= Feidlimid mac Óengusa =

Feidlimid mac Óengusa (455-500), or Feidlimid Dub, was an Eoganachta King of Munster in the early 6th century. He was the son of Óengus mac Nad Froích, the first Christian king of Munster.

The chronology of the 6th-century kings of Munster in the sources is confusing and Feidlimid is only known from king lists. Not mentioned as king in the Laud Synchronisms or the Irish annals; he is however mentioned in the Book of Leinster as successor to his father and predecessor of his brother Eochaid mac Óengusa. This puts his reign around the year 500. However, in the saga Senchas Fagbála Caisil ("The Story of the Finding of Cashel"), he is listed after his brother which would put his reign around 525. the Laud Synchronisms were written in the interest of the Glendamnach branch and this may explain the exclusion of Feidlimid from it.
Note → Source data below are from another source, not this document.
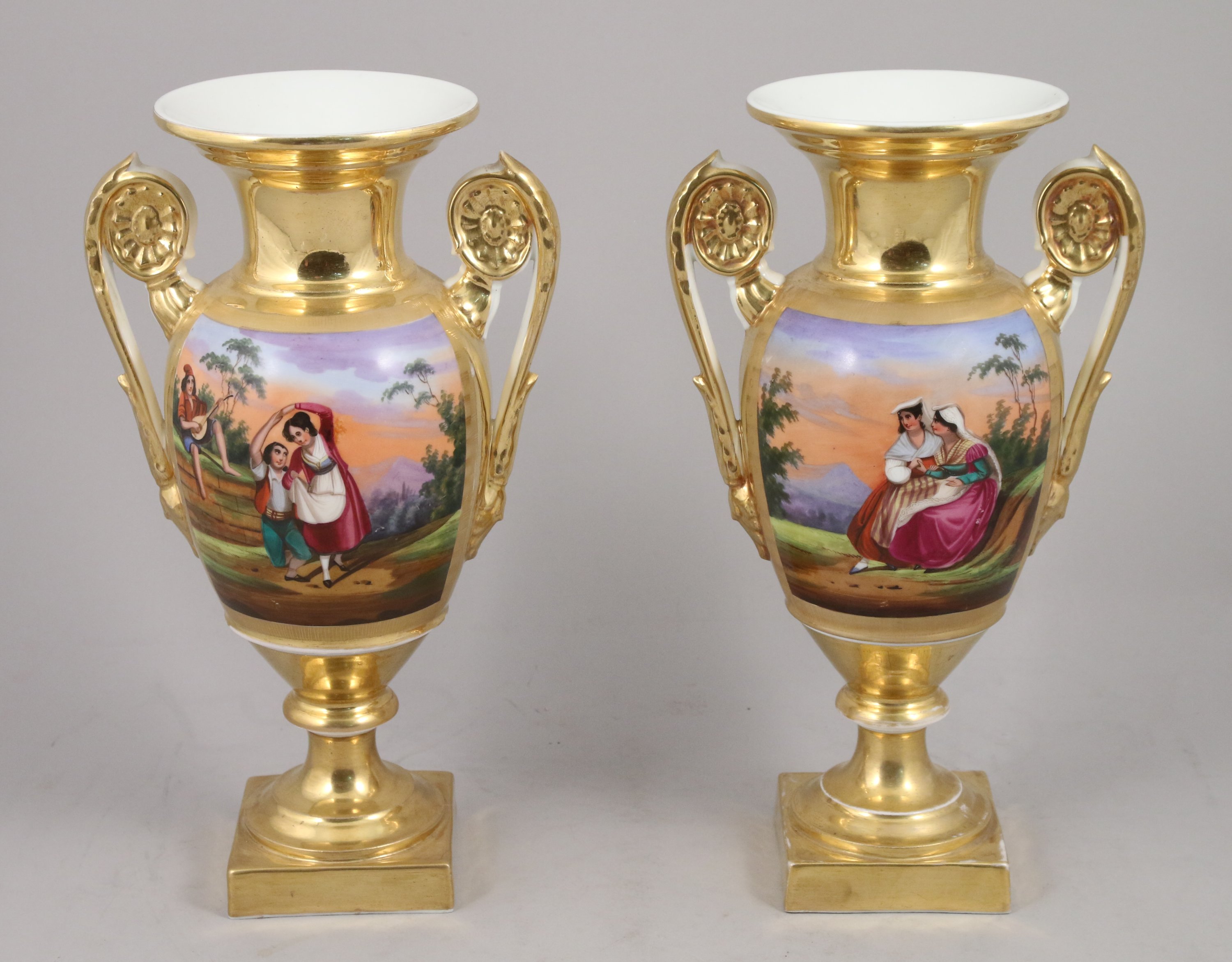 Décor sur fond or d'une scène de danse Napolitaine pour l'un et de deux Napolitaines conversant pour l'autre. Paysage à la tour sur l'autre face des deux vases. Anses à enroulement feuillagé terminé par une rosace. Piédouche reposant sur une base quadrangulaire.
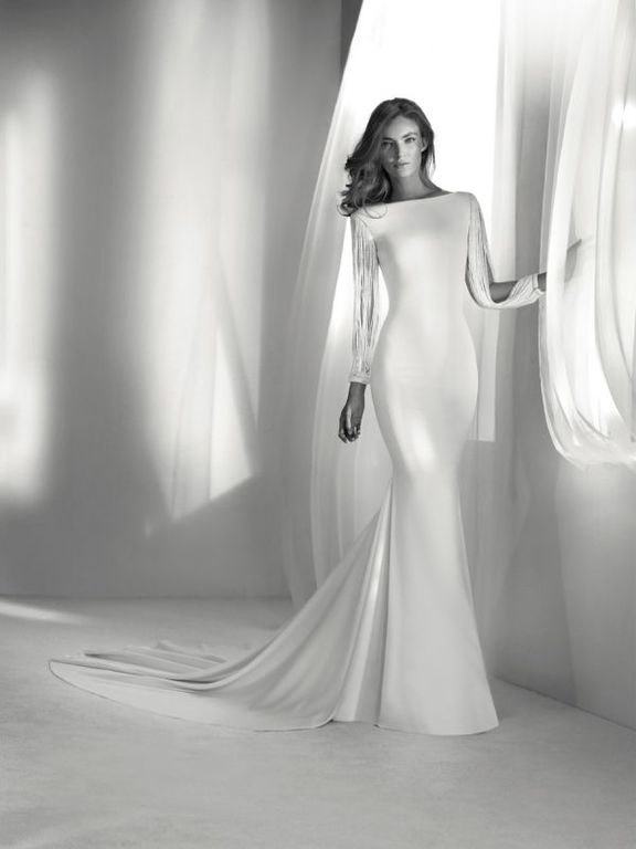 Si quieres otro modelo realmente exquisito de vestido de novia con manga larga y corte sirena, aquí abajo tienes un traje que te enamorará. Es el modelo Relato que trae la firma Atelier pronovias. Con escote en barco y mangas con flecos es un vestido original y único. Además, combina pedrería que darán unos destellos muy especiales en un momento tan mágico.
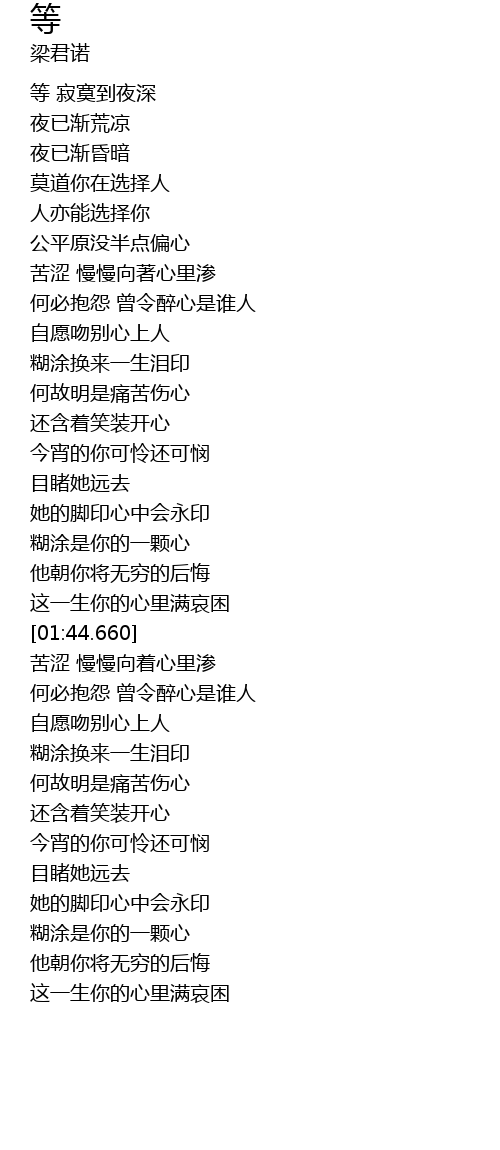| [01:31.520] | 糊涂是你的一颗心 |
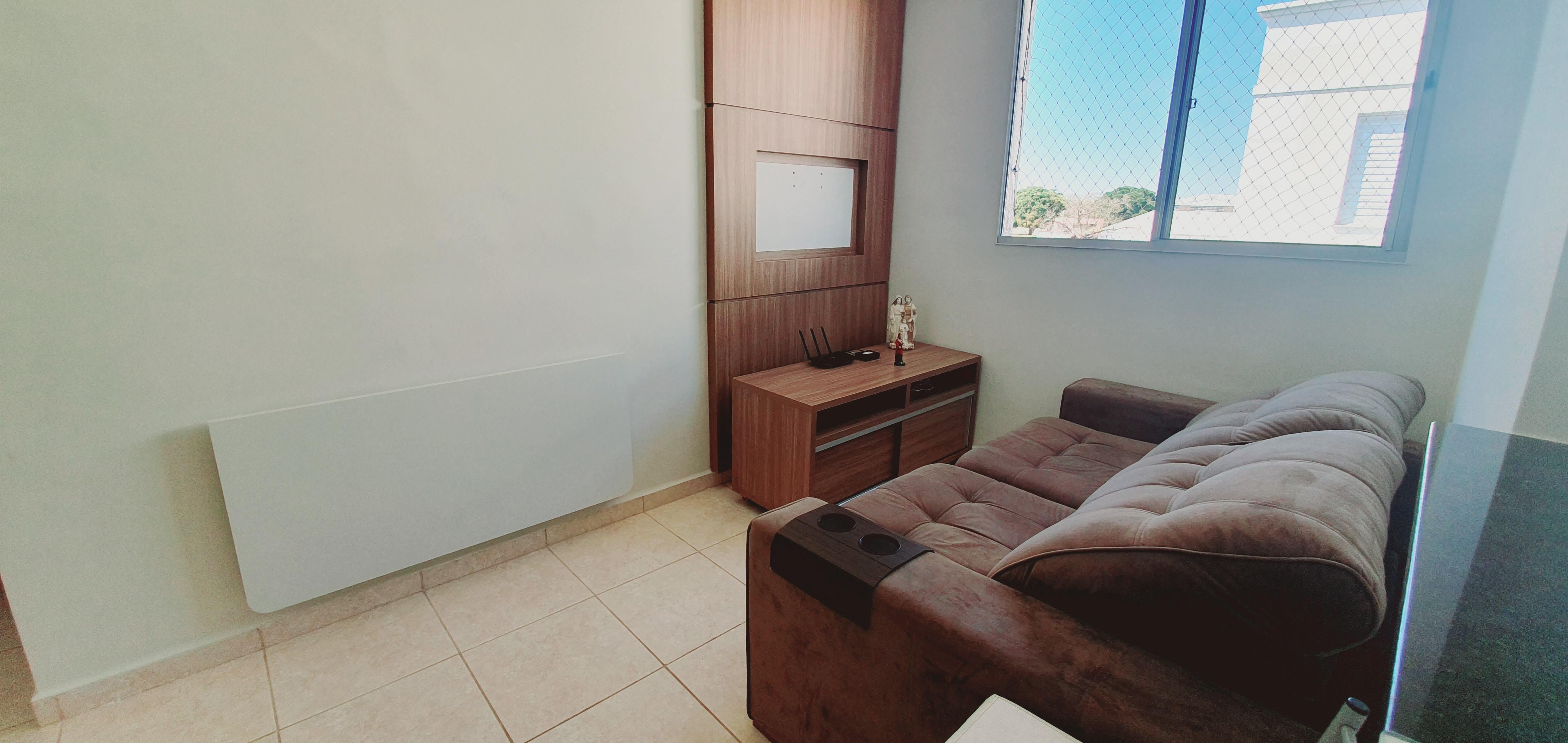 Imóvel contendo: 1 vaga de garagem coberta; sala com painel e ventilador de teto; cozinha planejada, balcão de granito; 2 dormitórios c/ armario 1c/ ar condicionado; banheiro social com gabinete e blindex;
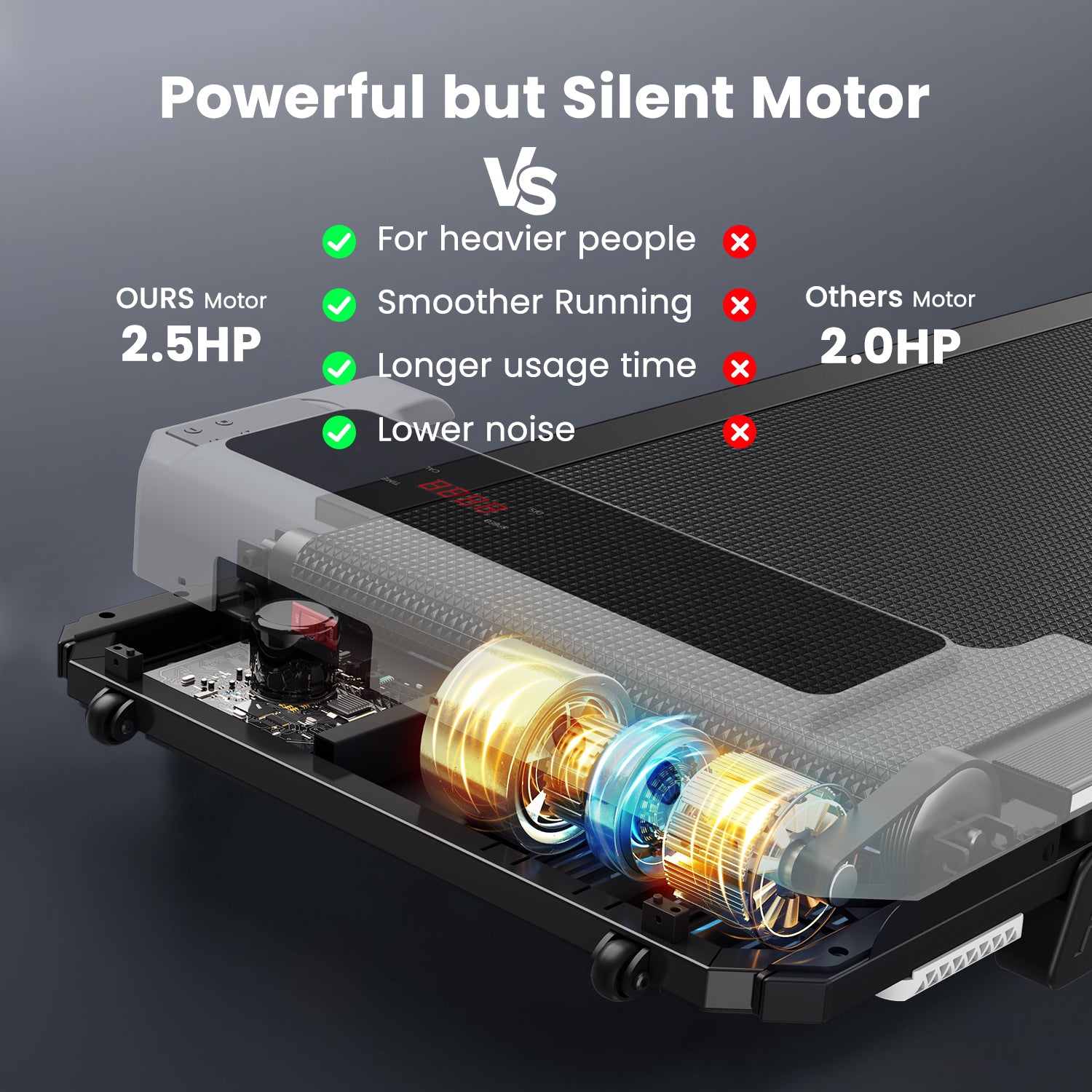 2.5HP Powerful Silent Motor---Walking treadmill is equipped with a 2.5HP motor that can support weights up to 265 pounds while keeping operating noise level lower than 45 db, making it ideal for home and office use without worrying about disturbing others. Enjoy a quiet and comfortable workout experience with an under desk treadmill.
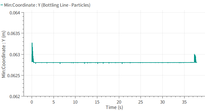 The resulting plot shows that the minimum particle Coordinate : Y is approximately the expected value for all outputs, which indicates that all the bottles remained upright.
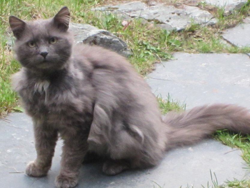 Så den første gang en stund etter jul, men trodde den bodde i nærheten. I vår begynte jeg å se den oftere og den så tynn og ustelt ut. Etter en stund prøvde jeg å sette ut litt mat til den for å se om den var sulten, og det var den absolutt.
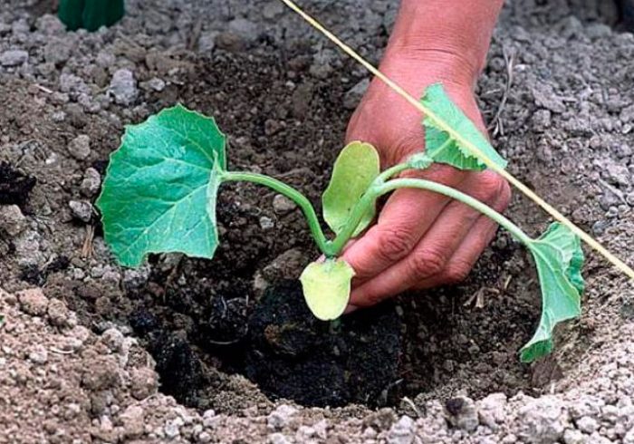 najpierw na stronie należy przygotować doły do sadzenia, odległość między nimi powinna wynosić co najmniej 0,6 m.sadzonki należy bardzo dobrze podlać przed sadzeniem, co pozwoli łatwo wyciągnąć roślinę z kubków. Szerokość między rzędami powinna wynosić około 0,7 m. podczas sadzenia roślin należy zwrócić uwagę na fakt, że ich szyjka korzenia unosi się nad powierzchnią gleby, w przeciwnym razie może na nią wpływać choroba grzybowa lub powstaje na niej zgnilizna. Dzięki tej metodzie lądowania okazuje się, że melon wydaje się być umieszczony na guzku. Aby zapobiec chorobom grzybiczym, po zasadzeniu sadzonek powierzchnia gleby na miejscu będzie musiała zostać pokryta warstwą piasku rzecznego. Przez pierwsze 2 dni sadzone rośliny będą potrzebowały ochrony przed bezpośrednimi promieniami słońca, w tym celu użyj mokrego papieru.
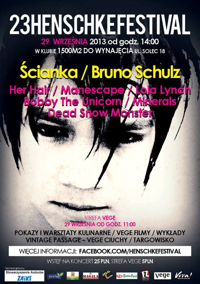 Gwiazdami festiwalu będą Ścianka i Bruno Schulz ale to nie znaczy że inne zespoły są mniej wartościowe, po prostu grają krócej i nie są jeszcze tak znane. Warto być na całym festiwalu i posłuchać także Hatifnats, Dead Snow Monster, Lola Lynch, Minerals, Her Hair czy Bobby The Unicorn. WZK: A część vege?
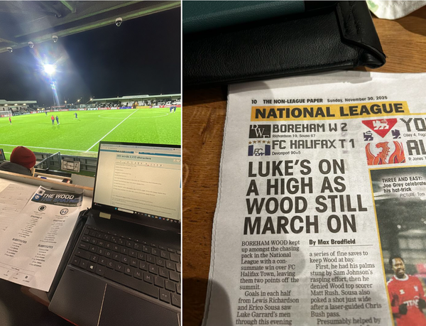 LinkedIn post recapping my first in-person press box report with the NLP in months. Incorporated quotes from both Wood manager, Luke Garrard, and one of the scorers, Lewis Richardson.

He was the ancestor of the Eóganacht Chaisil branch of the family with lands around Cashel in County Tipperary. His son's name was Crimthann. In a tract regarding a Munster synod in the 6th century, his son Crimthan is considered King of Munster. However, his mother is called Dearcon who is usually associated with Crimthan, the son of Eochaid mac Óengusa and founder of the Airthir Cliach branch. His great-grandsons Fíngen mac Áedo Duib (died 618) and Faílbe Flann mac Áedo Duib (died 639) were also Kings of Munster.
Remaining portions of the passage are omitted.